I have to use the wmma api to do some matrix multiplication, and I want to access every single element in the fragment to do some operation, maybe simple as multiply a variable or something more complex.
Below is the example. At the beginning, I think that I should let thread access different index according to the threadIdx, like thread 0 operate x[0] to x[7], thread 1 operate x[8] to x[15], but is doesn’t work.
After some tries, I find out that it seems every single have different acces to the fragment, like for thread 0, x[0] maps to the first element in the fragment, x[1] maps to the second, x[2] maps to 8th, x[3] maps to 9th… So, how does it maps?
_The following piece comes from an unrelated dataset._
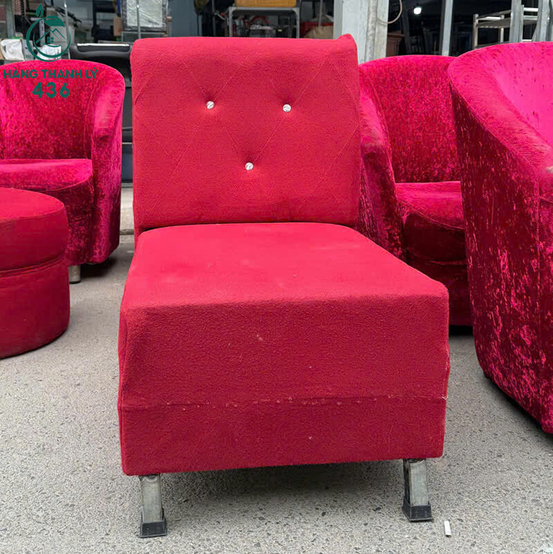 Mô tả: Mẫu ghế đơn bọc nỉ màu đỏ nổi bật, thiết kế dáng thấp gọn gàng, kèm theo đôn tròn tiện dụng để gác chân hoặc ngồi phụ. Phần lưng ghế may nút tạo điểm nhấn, form ghế chắc chắn, ngồi êm và thoải mái. Phù hợp dùng cho quán café, spa, tiệm nail, phòng chờ hoặc góc thư giãn trong nhà. Hàng cũ còn sử dụng tốt, màu sắc bắt mắt, kê vào là dùng ngay.

I don’t find any instructions in any docs(or maybe I missed)
#include <cuda_runtime.h>
#include <mma.h>
#include <iostream>
using namespace nvcuda;
__global__ void wmma_ker(half *a, half *b, float *c) {
wmma::fragment<wmma::matrix_a, 16, 16, 16, half, wmma::row_major> a_frag;
wmma::fragment<wmma::matrix_b, 16, 16, 16, half, wmma::col_major> b_frag;
wmma::fragment<wmma::accumulator, 16, 16, 16, float> c_frag;
wmma::fill_fragment(c_frag, 0.0f);
wmma::load_matrix_sync(a_frag, a, 16);
wmma::load_matrix_sync(b_frag, b, 16);
wmma::mma_sync(c_frag, a_frag, b_frag, c_frag);
// here is the operation
for (int i = 0; i < 16; i++){
c_frag.x[i] = c_frag.x[i] * threadIdx.x;
}
wmma::store_matrix_sync(c, c_frag, 16, wmma::mem_row_major);
}
void print_data(half *data){
for (int i = 0; i < 16; i++){
for (int j = 0; j < 16; j++){
std::cout << __half2float(data[16*i+j]) << ",";
}
std::cout << std::endl;
}
std::cout << std::endl << std::endl;
}
int main(){
half* data_a_host = (half*)malloc(sizeof(half) * 16 * 16);
half* data_b_host = (half*)malloc(sizeof(half) * 16 * 16);
float* data_c_host = (float*)malloc(sizeof(float) * 16 * 16);
for (int i = 0; i < 256; i++){
data_a_host[i] = half(i);
data_b_host[i] = half(i);
}
print_data(data_a_host);
print_data(data_b_host);
half* data_a, *data_b;
float* data_c;
cudaMalloc(&data_a, sizeof(half) * 16 * 16);
cudaMalloc(&data_b, sizeof(half) * 16 * 16);
cudaMalloc(&data_c, sizeof(float) * 16 * 16);
cudaMemcpy(data_a, data_a_host, sizeof(half) * 256, cudaMemcpyHostToDevice);
cudaMemcpy(data_b, data_b_host, sizeof(half) * 256, cudaMemcpyHostToDevice);
wmma_ker<<<1, 32>>>(data_a, data_b, data_c);
cudaDeviceSynchronize();
cudaMemcpy(data_c_host, data_c, sizeof(float) * 256, cudaMemcpyDeviceToHost);
for (int i = 0; i < 16; i++){
for (int j = 0; j < 16; j++){
std::cout << data_c_host[16*i+j] << ",";
}
std::cout << std::endl;
}
cudaFree(data_a);
cudaFree(data_b);
cudaFree(data_c);
return 0;
}